The solution is specifically built on premises, but it’s a modern enterprise software. It’s completely containerized and documented for containers. It automatically scales up and down and doesn’t require any agents on the endpoint; it connects using open APIs, and we don’t copy the data — we just house the data and that’s important because we don’t want to create a security problem. We also don’t want to incur a lot of additional storage.

And lastly, and I think this is very important, the discovery layer is all exposed to a well-documented set of APIs so that you can query that information and make it accessible to applications, and we build applications on top of that.

We’re obviously generating more and more user data every single day. Does data protection and data governance become exponentially harder as time goes on? And if so, how do you keep up with that explosion of user data?

Vax: One of the problems that led to BigID was the fact that organizations now have the knowledge and technology that allow them to store unlimited amounts of data. If you look at big data repositories, it’s all about storing truckloads of data; organizations are collecting as much as they can and they’re never deleting the data. That is a big challenge for them, not only to protect the data but even to gain value from the data. Information flows into the organization through so many different channels — from applications, from websites and from partners. Different business units are collecting data and they’re not consolidating it, so all the goodness of the ability to process all that data comes with a burden. How do I make more use of that data? How do I consolidate the data? How do I gain visibility into the data I own and have access to? That complexity requires a different approach to data discovery and data management, and that approach first requires you to be big data native; you need to be able to run in those big data repositories natively and not have to stream the data outside like the old legacy tools; you need to be able to scan data at the source, at the ingestion point, as data flows into these warehouses. What we recently introduced [with Data Pipeline Discovery] is the ability to scan data streams in services like Kafka or [AWS] Kinesis so as the data flows into those data lakes, we’re able to classify that data and understand it.

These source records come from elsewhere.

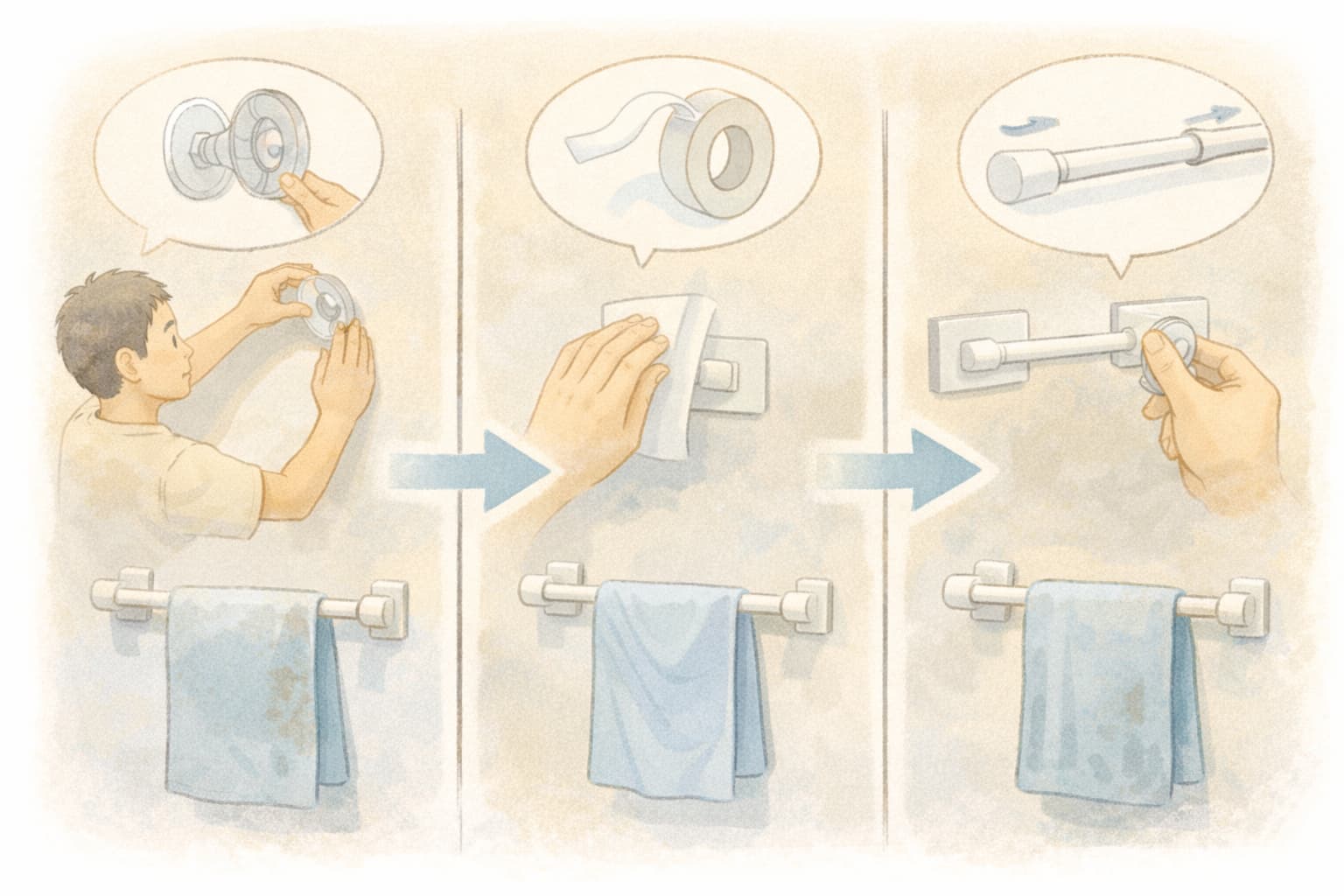 賃貸住宅では退去時の原状回復が前提になるため、タオル掛けの設置方法は慎重に選ぶ必要があります。
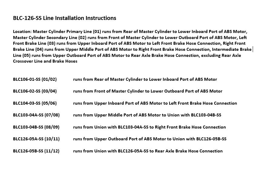 1 Master Cylinder Primary Line from Rear of Master Cylinder to Lower Inboard Port of ABS Module, 1 Master Cylinder Secondary Line from Front of Master Cylinder to Lower Outboard Port of ABS Module, 1 Left Front Line from Left Front Hose Connection to Upper Inboard Port of ABS Module, 1 Right Front Line from Right Front Hose Connection to Upper Middle Port of ABS Module (2 easy to install sections), 1 Rear Line from Rear Hose Connection to Upper Outboard Port of ABS Module (2 easy to install sections)
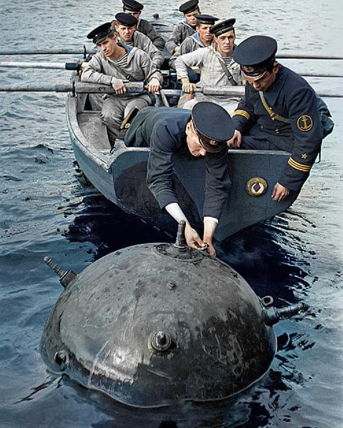 На фотографии гальваноударная мина. При касании борта корабля происходит разрушение колпака и уже потом детонация. Поэтому моряки так смело подплыли к ней.
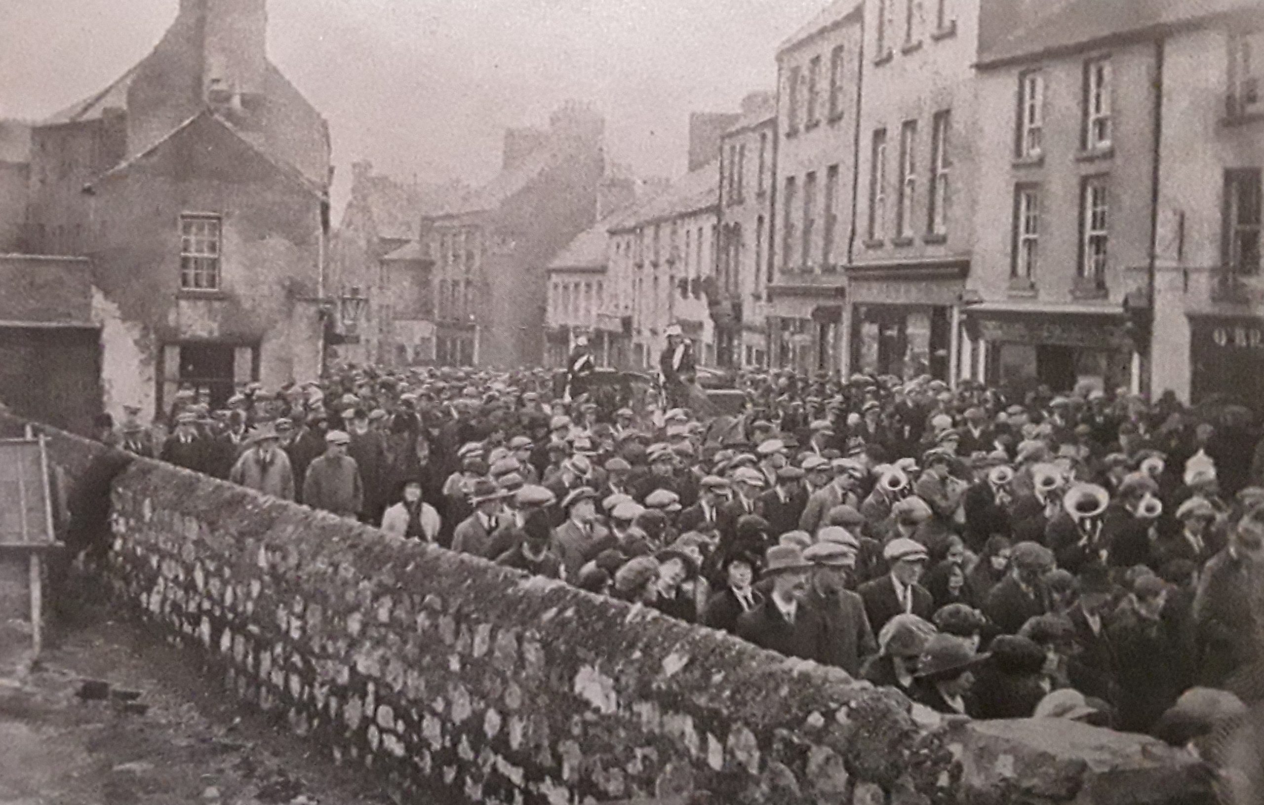 Above: Michael Tolan’s subsequent funeral in Ballina, where he was buried in the town’s Republican Plot with full military honours.
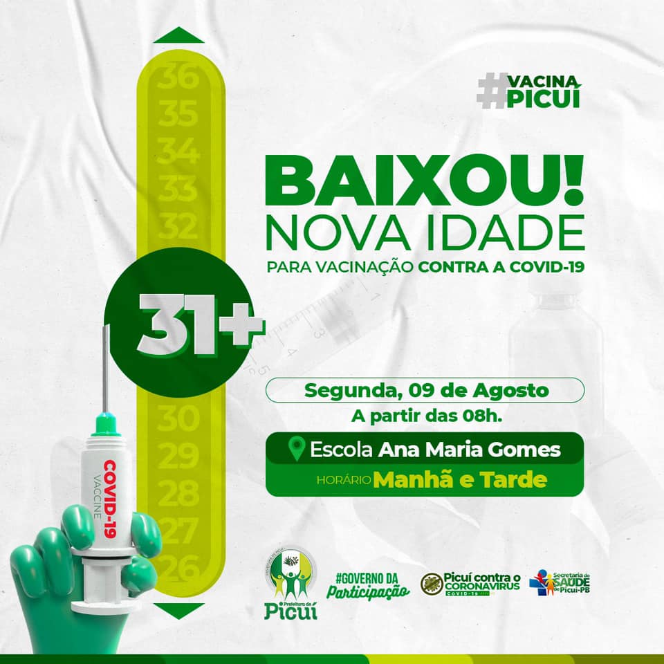 A Prefeitura Municipal de Picuí - Governo da Participação II, por meio da Secretaria de Saúde, vem a público comunicar que a Campanha de Vacinação contra a COVID-19 será realizada por faixa etária nesta segunda-feira (09) contemplando a população a partir de 31 anos. A Campanha de Imunização contra a COVID-19 será realizada na EMEF Ana Maria Gomes, durante o período da manhã e da tarde, a partir das 8 horas.

Regarding the CCPA, how much impact do you think it will have on how enterprise data is governed?

Nobody wants to be on the board of shame of the CCPA.
Nimrod VaxCo-founder, BigID

Vax: We’re seeing that effect already, and it goes back to the data party that’s been happening in the past five years. There’s been a party of data where organizations have collected as much data as they wanted without any liabilities or without any guardrails around them. Now with the CCPA and GDPR, they are bringing that additional layer of governing. You can still collect as much information as you want, but you need to protect it. You have obligations to the people from whom you are collecting the data, and that brings more governance to the data process. Now organizations need to be much more careful about that. The organization needs to have more visibility into the data not because it’s good to have it but because we have to have it for the regulations; you can’t protect, you can’t govern, and you can’t control what you don’t know, so that’s the big shift in the approach that CCPA brings to the table. Organizations are already getting prepared for that. We’re already seeing the effect that organizations are taking it very seriously and they don’t want to be the first ones to be dinged by the regulation. It’s not even the financial impact. It’s more reputational impact they are concerned about; nobody wants to be on the board of shame of the CCPA. They want to send a message to their customers that they care about privacy — not that they’re careless about it. I think that’s the big impact that we’re seeing.

What do the next 12 months look like for the company?

Vax: We’re growing rapidly both in product and in staff and in general — I think we’re about 150 people now. Last year, I think we were less than 30. We’re continuing to grow, and that growth is in two areas: on the product side and on extending to additional audiences. We are continuing to invest in our core discovery capabilities. We’re also building more apps. We’re going to solve more difficult problems in privacy and security and governance. We’re also extending to new audiences. Today, we are primarily focusing on building solutions or offerings for developers so that they can leverage our API and building process. For the next area, we are focusing on putting built-in privacy into the applications seamlessly with zero friction.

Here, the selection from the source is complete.